**WHAT YOU NEED TO DO**
Beginning with the line that contains "para los asistentes.", retype the entries below exactly, ending with the line that contains "Freshly made pesto". Leave out any pictures.

**DATASET EXCERPTS**
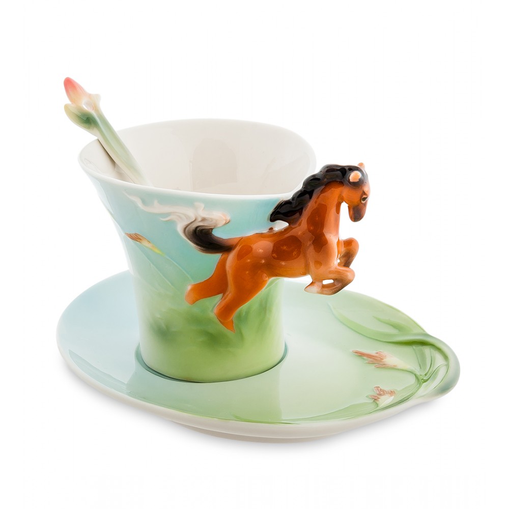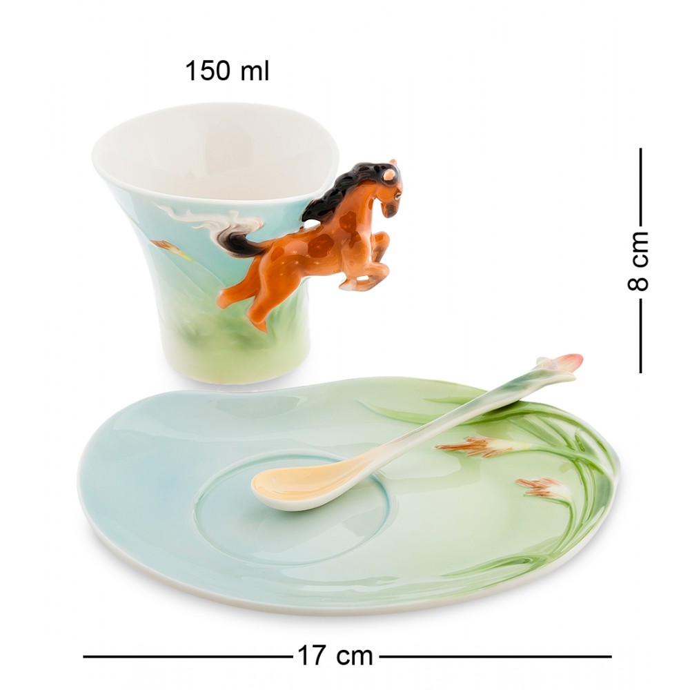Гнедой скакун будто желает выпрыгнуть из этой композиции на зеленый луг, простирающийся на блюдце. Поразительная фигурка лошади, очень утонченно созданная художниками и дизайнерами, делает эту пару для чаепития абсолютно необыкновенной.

* * *

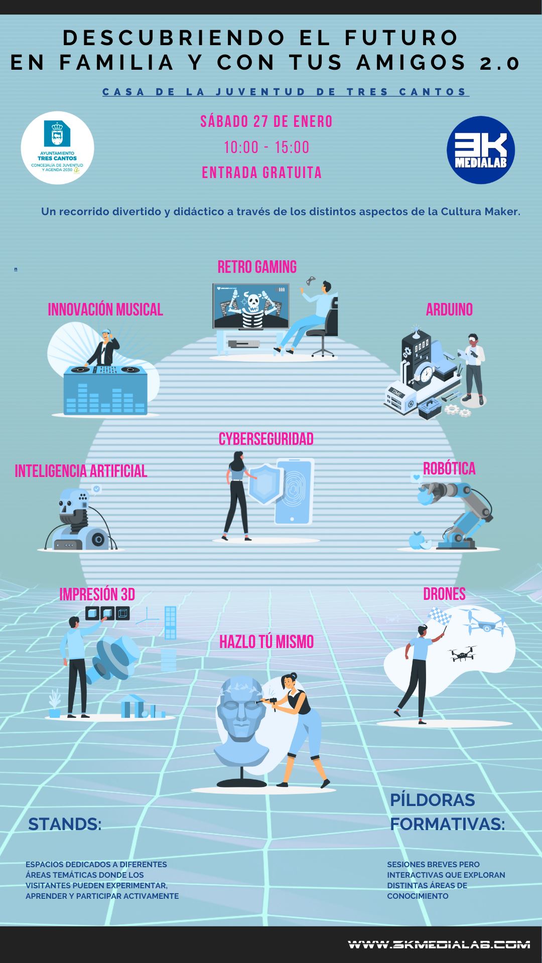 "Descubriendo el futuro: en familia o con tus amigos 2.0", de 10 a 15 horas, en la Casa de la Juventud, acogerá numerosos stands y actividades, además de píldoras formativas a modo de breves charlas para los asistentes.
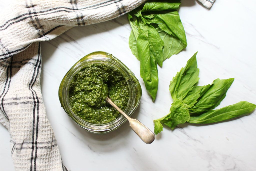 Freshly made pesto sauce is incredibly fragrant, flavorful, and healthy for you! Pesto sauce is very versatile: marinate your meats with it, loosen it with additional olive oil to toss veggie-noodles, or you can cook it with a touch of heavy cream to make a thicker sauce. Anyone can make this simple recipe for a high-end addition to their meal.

**OUTPUT**
 "Descubriendo el futuro: en familia o con tus amigos 2.0", de 10 a 15 horas, en la Casa de la Juventud, acogerá numerosos stands y actividades, además de píldoras formativas a modo de breves charlas para los asistentes.
 Freshly made pesto sauce is incredibly fragrant, flavorful, and healthy for you! Pesto sauce is very versatile: marinate your meats with it, loosen it with additional olive oil to toss veggie-noodles, or you can cook it with a touch of heavy cream to make a thicker sauce. Anyone can make this simple recipe for a high-end addition to their meal.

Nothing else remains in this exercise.